Friday, October 22, 2021

Midget Submarines

 I was just watching this excellent documentary on youtube about the attack on Pearl Harbor where the Japanese used midget submarines, which didn’t work out too well. As least for the submarines. And they were pretty useless for the entire war. And then it hit me: how many wacky and useless weapons did Japan and Germany come up with during WWII that cost them a lot for no return?

Japan had the midget submarine, some worthless light tanks that got their butts kicked by the Shermans, and a couple of huge battleships that were effectively useless because they required too many logistics. The battleships were probably the worst lot, because they could have used those personnel on carriers instead.

Germany had the V1s and 2s, terror weapons to be sure, but worthless militarily. Their jets were effective but in such small numbers also worthless. And they had the elephant tank and even the Tigers were suspect because they were super-hard to maintain and had low reliability. If they had used that money and effort on evolving the Mark IV Panzer and maybe some Panthers it would have gone, well at least a little better. Probably just drag things out.

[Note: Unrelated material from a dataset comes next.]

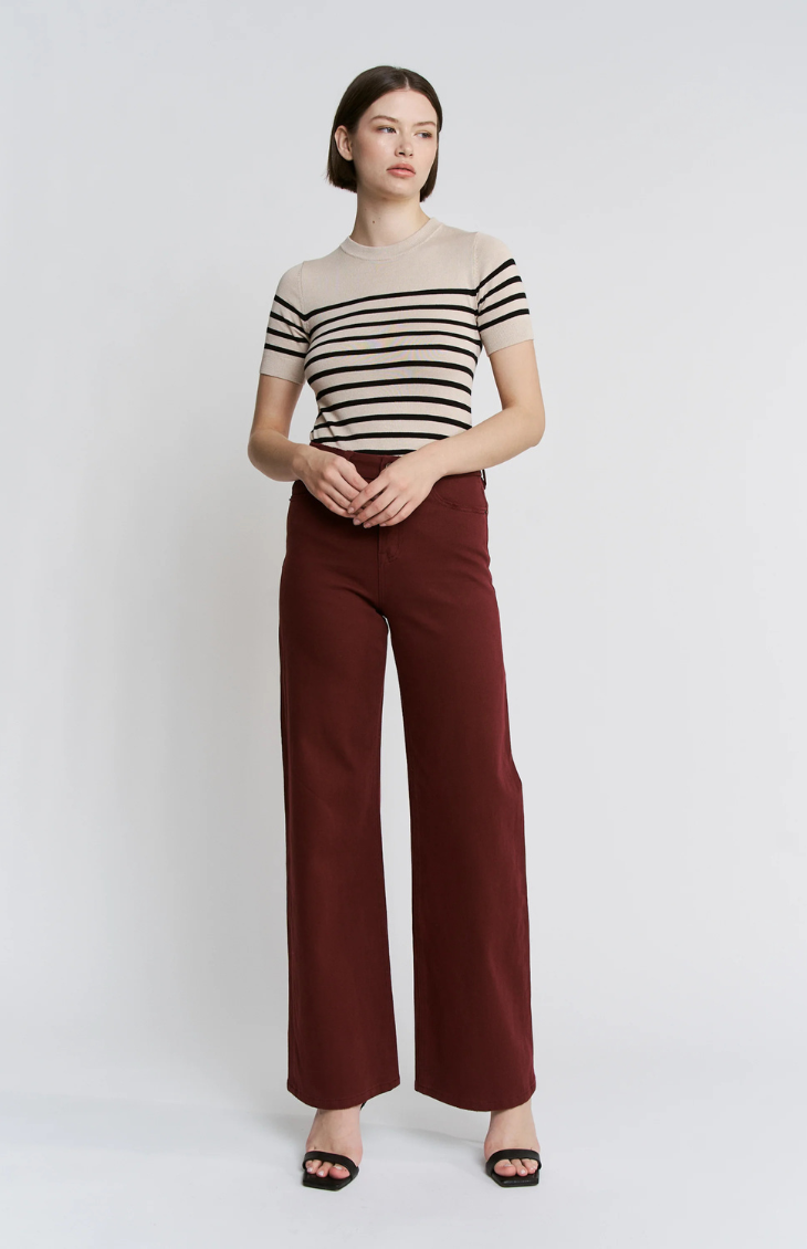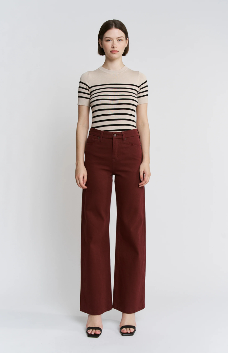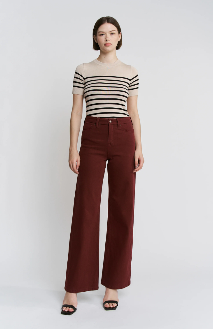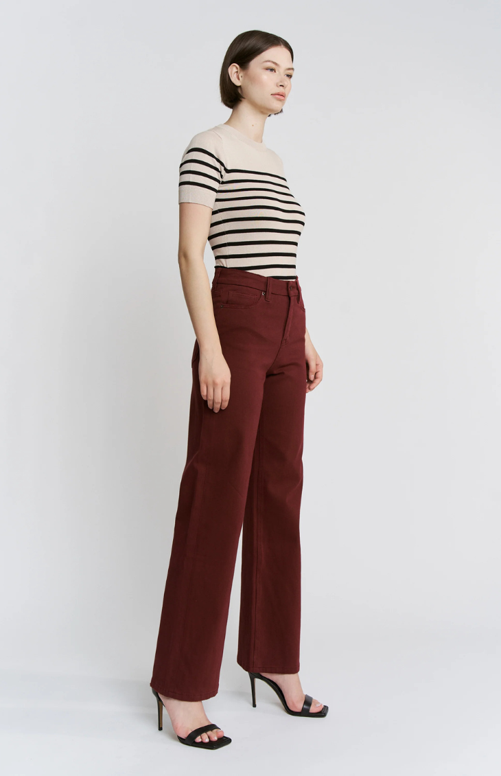 Elevate your everyday style with the Beckie High Rise Wide Leg. Crafted in a rich, standout hue, this pair offers a sleek, elongating silhouette with a modern wide-leg shape. The high-rise fit provides a flattering hold through the waist, while the soft stretch fabric ensures all-day comfort. Clean lines and a polished finish make these jeans easy to dress up or down for any occasion.

So why did Japan and Germany go down these weird development roads? Especially as they hit some home runs with the Mitsubishi A-6M (Zero) and the Mark IV Panzer. Don’t get me wrong, we went down a few of these too. From the floating (not) tanks of D-Day the horrible MK 14 torpedo which some people at the Naval Bureau of Ordinance should have gone to jail for (don’t get me started on those guys), the US had its share of head-slappers. But overall, the United States selection of weapons systems and directions to go in was pretty solid.

So the big question is, why? Systems development is always a tug-of-war between the concept guys and the engineers who actually have to build the thing and deal with the soldiers. Now if you let the concept guys win that argument, well you get midget submarines. Things with limited or no practicality. If you let the engineers win that argument, you get something like the Sherman, that never changes. Easy to maintain, easy to put back together, and oh shit, there’s a Mark V. So both guys need a seat at the table.

But in those Marxist-Nazi type disasters, the concept guys always win. They sell the Fuhrer on a weapons platform, then they go to the engineering team, and the engineers say, “F you, if you try to build that as is, the only thing it will kill, is our own soldiers.” Now normally that’s when the concept team says, “OK, what do we need to change?” But when Stalin tells the concept team to build it as is, then they can just tell the engineering team, “F you back, Comrade Stalin will have you on Kamchatka eating blubber and freezing your schlong off if you don’t build this as-is.”

So then we get things like V1s and midget submarines.